Work task: Set down exact lines only, from the line with "Основний ресторан –" through the last line of the material below, with every picture left out.
━━━ The data
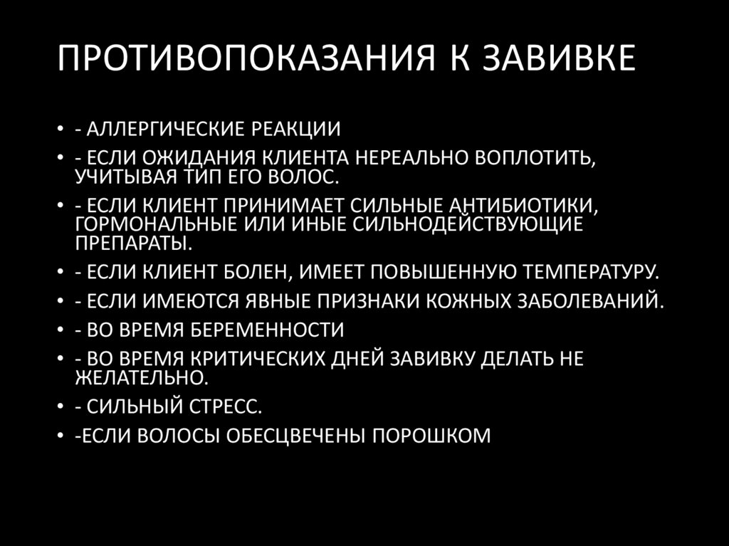 ПРОТИВОПОКАЗАНИЯ К ЗАВИВКЕ• - АЛЛЕРГИЧЕСКИЕ РЕАКЦИИ
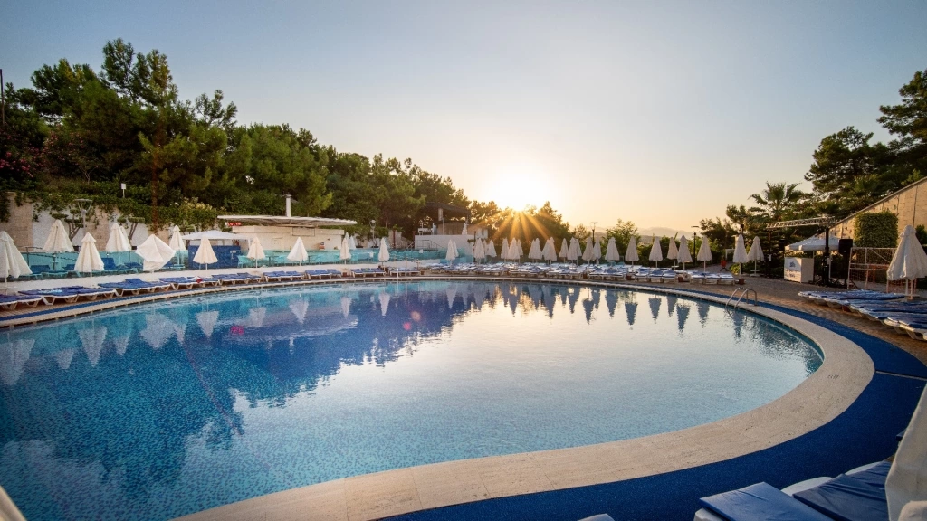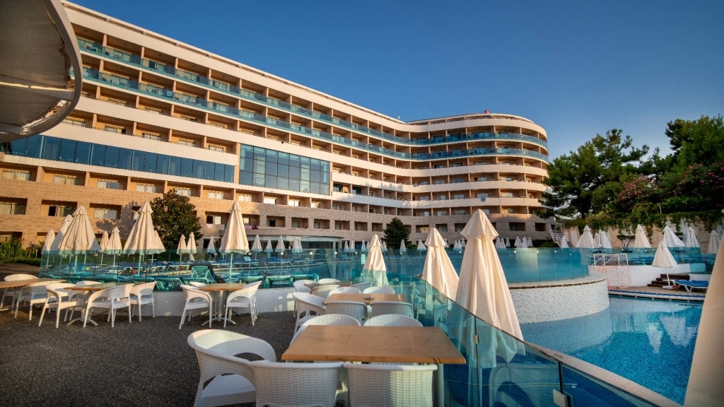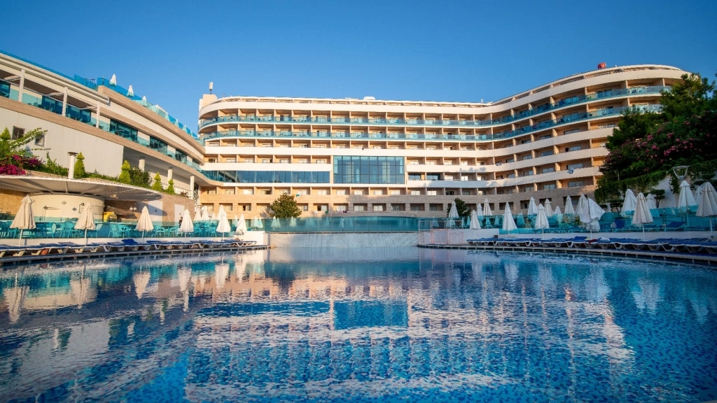 Основний ресторан – закрита секція розрахована на 800 чол., відкрита на 400 чол. 2 аля-карт ресторану: османський і рибний (по резервації). 10 барів. 5 відкритих басейнів– 890, 945, 220 (18+), 380 і 115 кв. м 2 конференц-зали, 210 кв. м і 60 кв. м, на 175 і 50 чол.
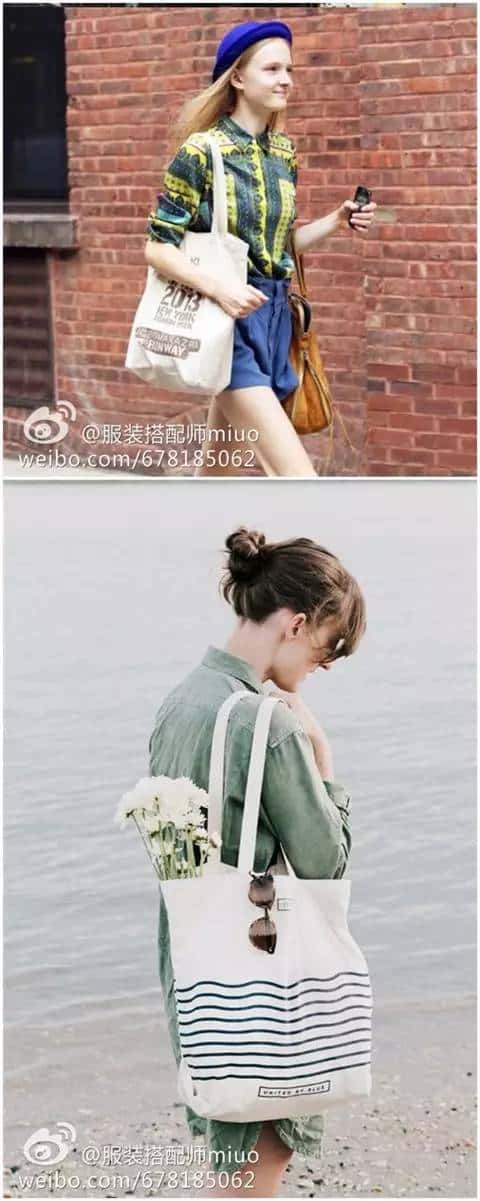 帆布袋不仅可以配简约休闲风,连复古清新文艺范也可以融合~
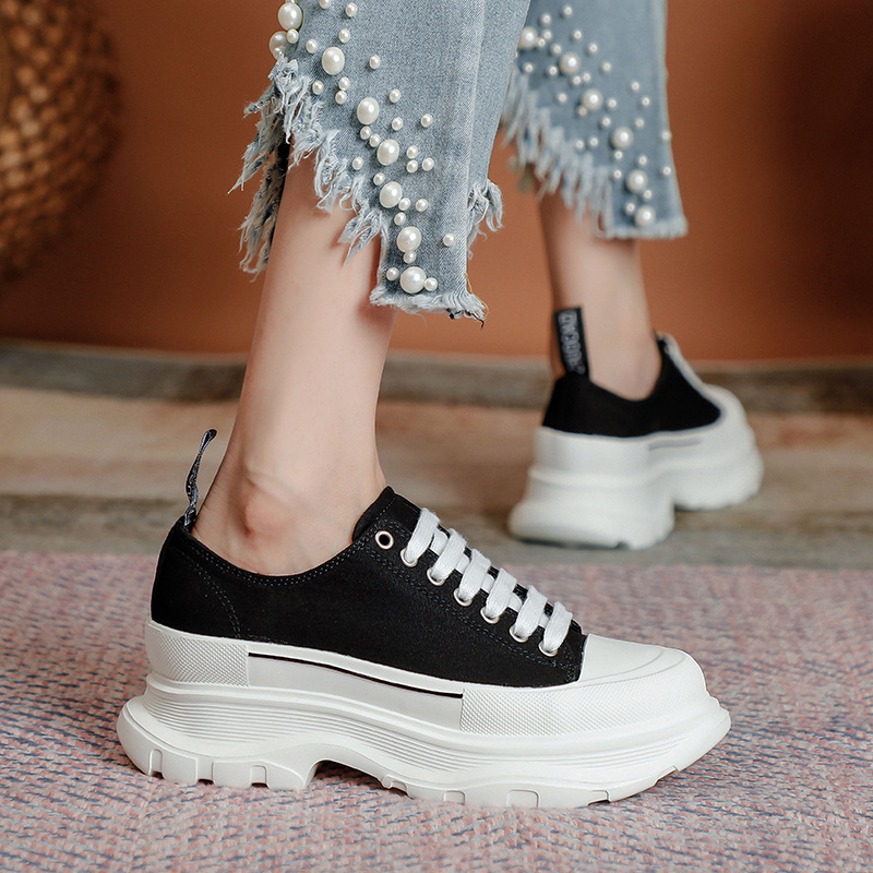 Biscuit Shoes Thick-soled White Shoes For Women With Laces Spring And Autumn Style Multi-match Fashion Sports And Leisure Shoes To Increase The
━━━━━━
Solution below:
 Основний ресторан – закрита секція розрахована на 800 чол., відкрита на 400 чол. 2 аля-карт ресторану: османський і рибний (по резервації). 10 барів. 5 відкритих басейнів– 890, 945, 220 (18+), 380 і 115 кв. м 2 конференц-зали, 210 кв. м і 60 кв. м, на 175 і 50 чол.
 帆布袋不仅可以配简约休闲风,连复古清新文艺范也可以融合~
 Biscuit Shoes Thick-soled White Shoes For Women With Laces Spring And Autumn Style Multi-match Fashion Sports And Leisure Shoes To Increase The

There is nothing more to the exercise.